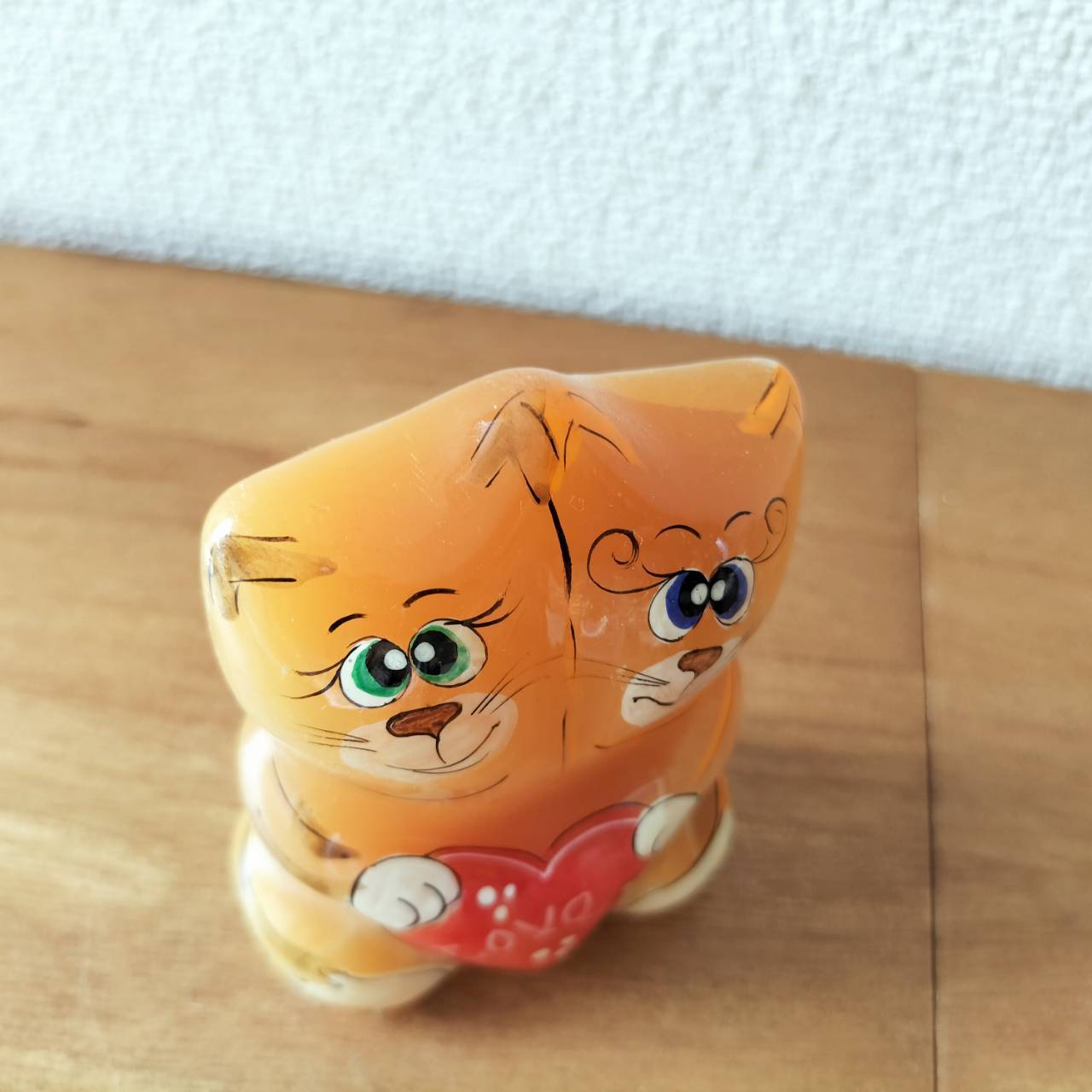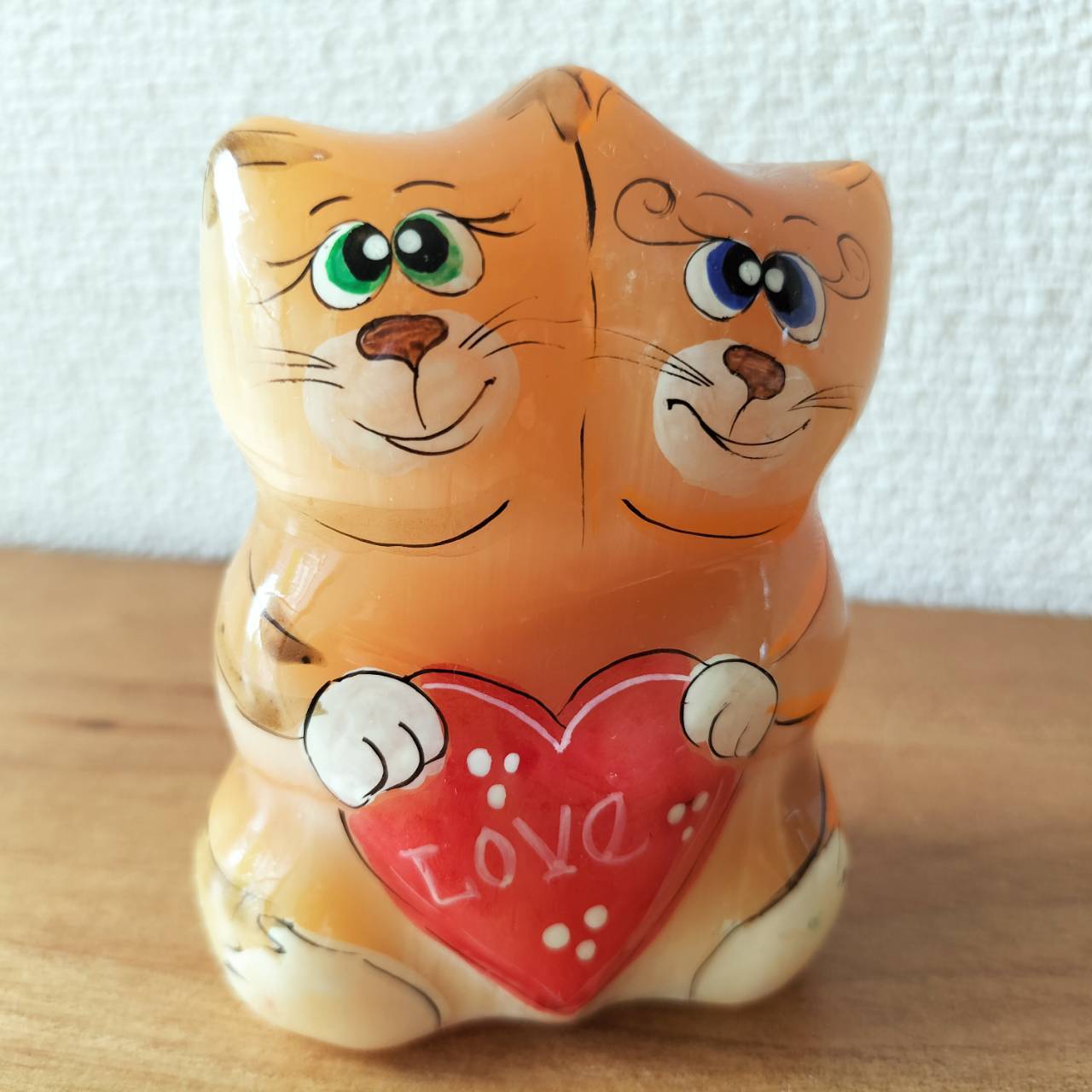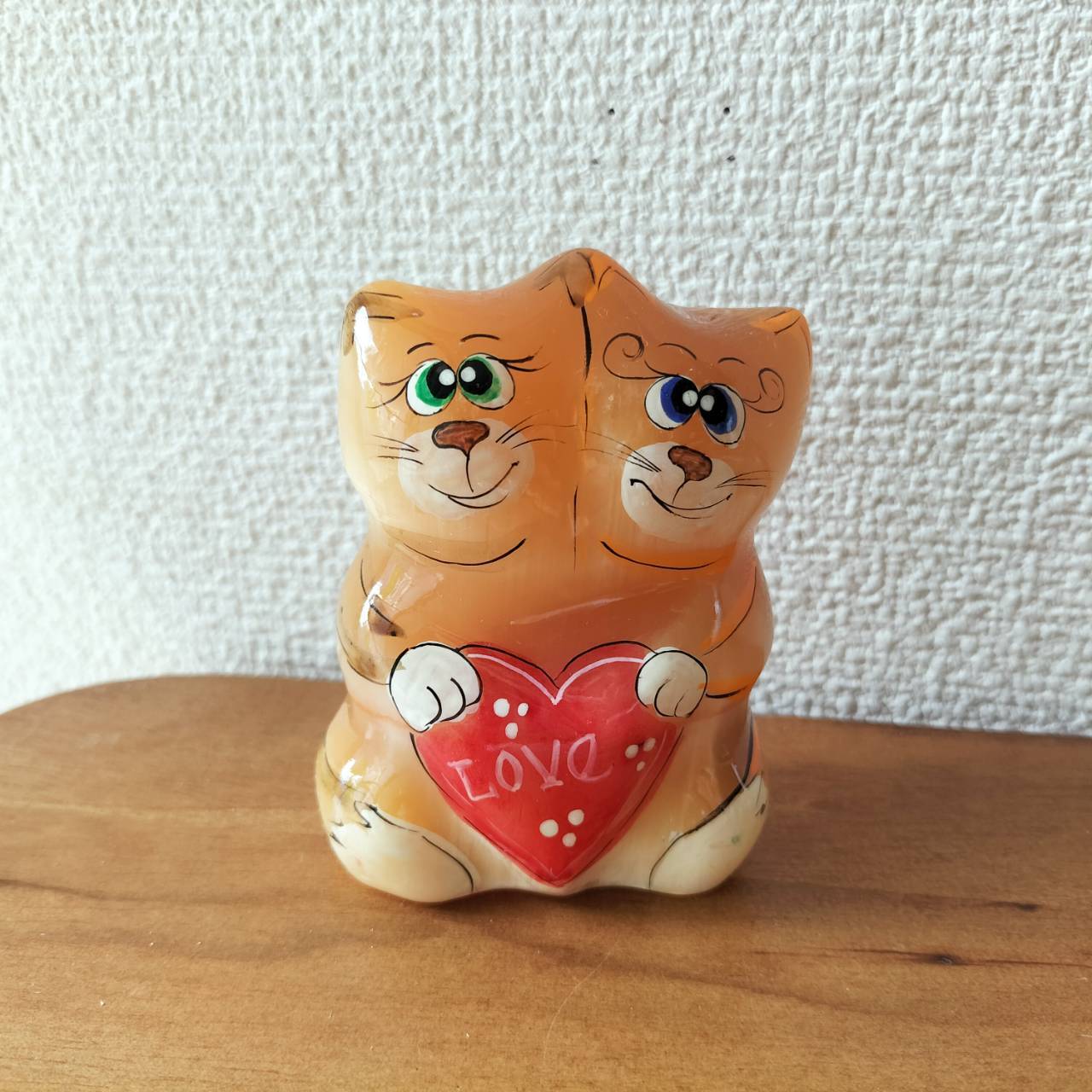 【CEL316】北欧ロシア雑貨天然石・セレナイト 水晶 ラブラブ猫
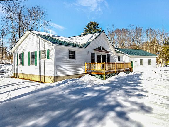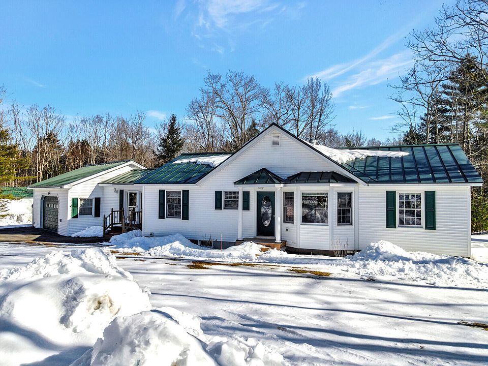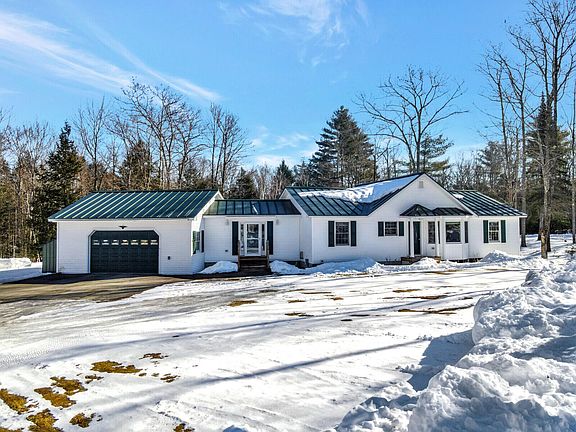 BELGRADE LAKES Thoughtfully designed with comfort in mind, this quality built bright and sunny 2 bedroom 2 bath year-round home offers a wonderful open concept layout, easy one-floor living, direct entry from the attached 2-car garage, Bird'e Eye maple flooring throughout, standing seam metal roof in the heart of the Belgrade Lakes Region on a larger 2.5AC lot. The central living area features stunning cathedral ceilings with a wall of windows for ample natural light, direct access to a large back deck with retractable awning overlooking the private backyard and a newer Regency wood stove with custom granite hearth and new rock chimney. Well appointed kitchen with island, stainless steel appliances, tiled flooring, solid wood cabinetry and a nice dining area is perfect for entertaining guests. Off the kitchen is the primary ensuite bedroom with large closet, tiled flooring and full bath featuring a jetting soaking tub, walk-in shower and linen closet. At the other end of the home is a second bedroom with a closet and a full bath with a shower/tub. The welcoming foyer has nice tiled flooring, coat closet, laundry closet and opens to the heated garage. Full, dry basement with utility area and plenty of storage. In addition, there is a 16' X 32' detached 1-car garage, 8' X 16' woodshed for all your tools and toys. Home has been meticulously maintained, is fully wired for generator hook-up, is privately located on a quiet dead end road and a short distance to many public boat ramps and just minutes to Skowhegan & Waterville amenities and shopping. Country life with all the convenience!
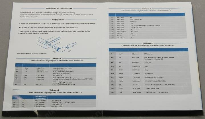 | Особенности | Штекер 1 - диаметр:4.8/1.7 мм Штекер 2 - диаметр:5.5/2.5 мм Штекер 3 - диаметр |
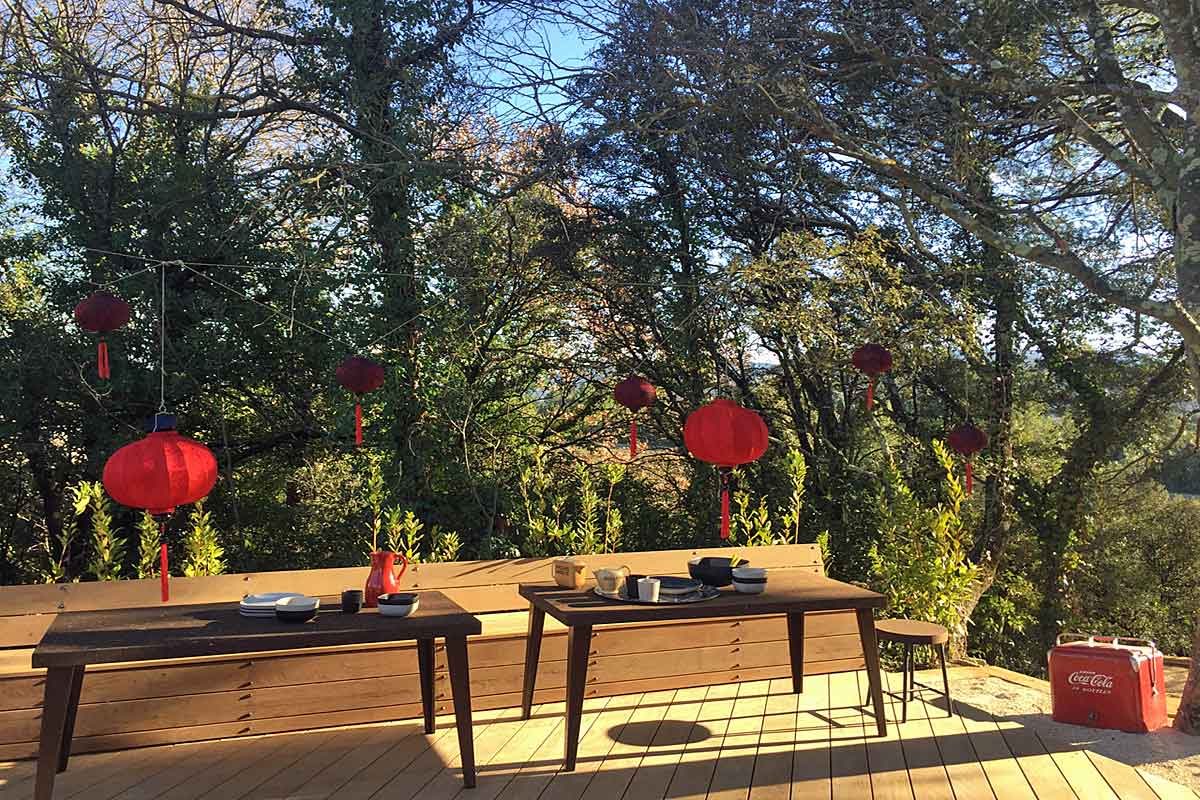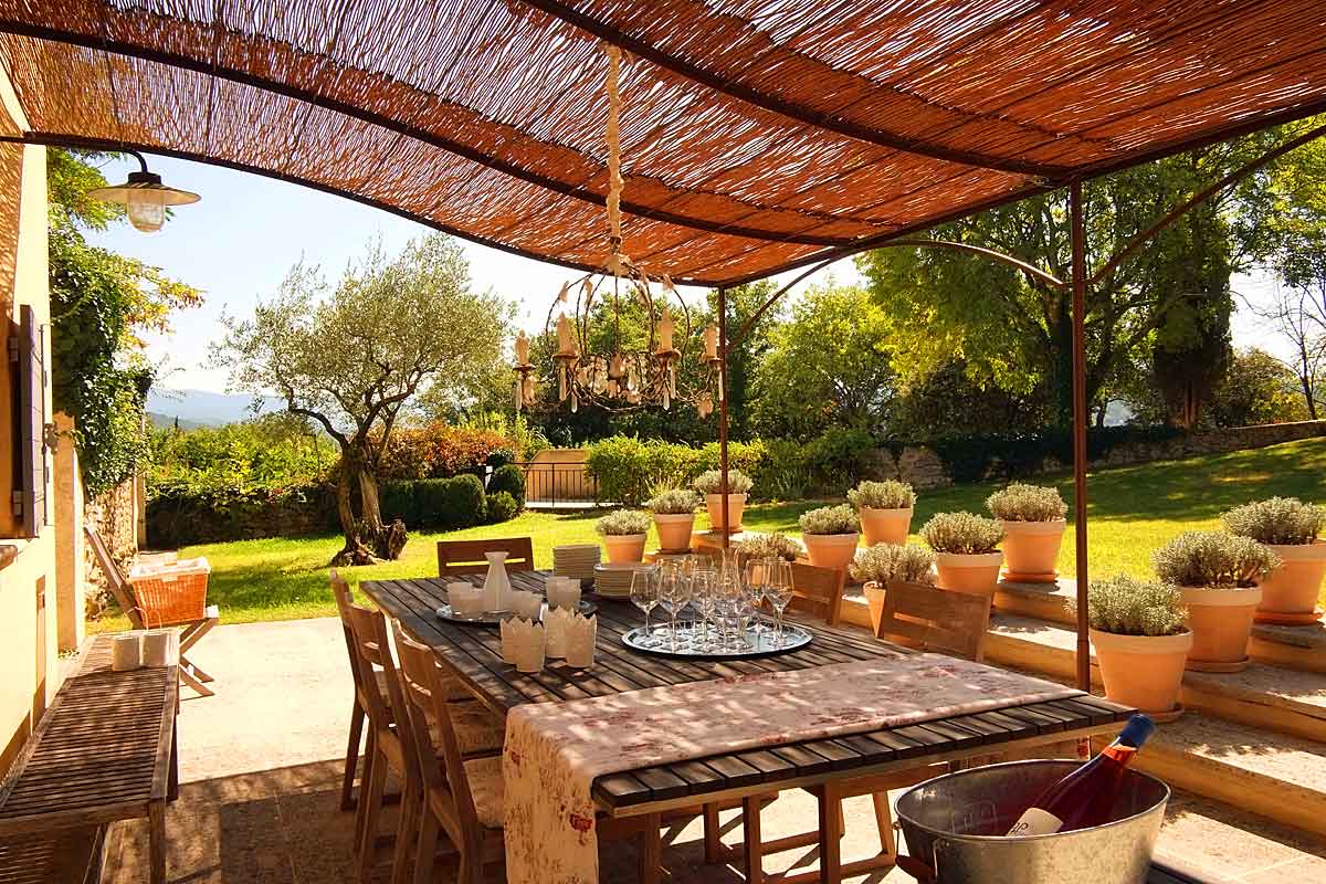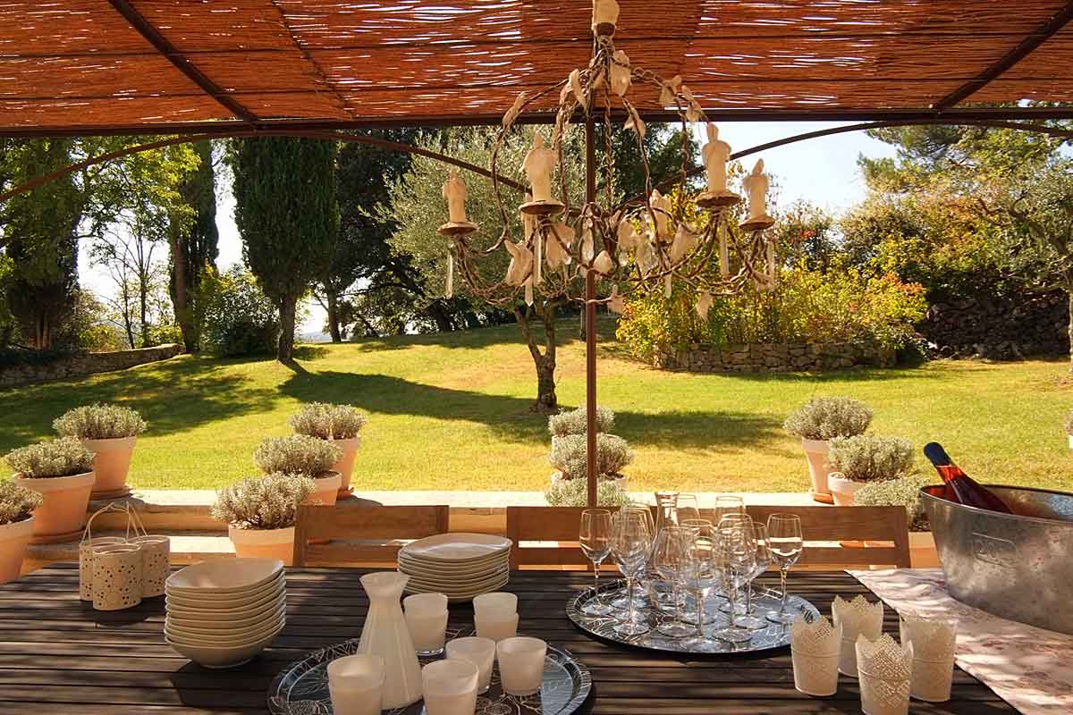The terrace near the kitchen with a pergola shaded dining table for 12, built-in charcoal BBQ and garden views. At night the table is romantically lit by a chandelier.

* **TASK PROMPT**
Where the material contains pictures, leave them out and copy the rest verbatim.

* **TASK RESPONSE**
 【CEL316】北欧ロシア雑貨天然石・セレナイト 水晶 ラブラブ猫
 BELGRADE LAKES Thoughtfully designed with comfort in mind, this quality built bright and sunny 2 bedroom 2 bath year-round home offers a wonderful open concept layout, easy one-floor living, direct entry from the attached 2-car garage, Bird'e Eye maple flooring throughout, standing seam metal roof in the heart of the Belgrade Lakes Region on a larger 2.5AC lot. The central living area features stunning cathedral ceilings with a wall of windows for ample natural light, direct access to a large back deck with retractable awning overlooking the private backyard and a newer Regency wood stove with custom granite hearth and new rock chimney. Well appointed kitchen with island, stainless steel appliances, tiled flooring, solid wood cabinetry and a nice dining area is perfect for entertaining guests. Off the kitchen is the primary ensuite bedroom with large closet, tiled flooring and full bath featuring a jetting soaking tub, walk-in shower and linen closet. At the other end of the home is a second bedroom with a closet and a full bath with a shower/tub. The welcoming foyer has nice tiled flooring, coat closet, laundry closet and opens to the heated garage. Full, dry basement with utility area and plenty of storage. In addition, there is a 16' X 32' detached 1-car garage, 8' X 16' woodshed for all your tools and toys. Home has been meticulously maintained, is fully wired for generator hook-up, is privately located on a quiet dead end road and a short distance to many public boat ramps and just minutes to Skowhegan & Waterville amenities and shopping. Country life with all the convenience!
 | Особенности | Штекер 1 - диаметр:4.8/1.7 мм Штекер 2 - диаметр:5.5/2.5 мм Штекер 3 - диаметр |
The terrace near the kitchen with a pergola shaded dining table for 12, built-in charcoal BBQ and garden views. At night the table is romantically lit by a chandelier.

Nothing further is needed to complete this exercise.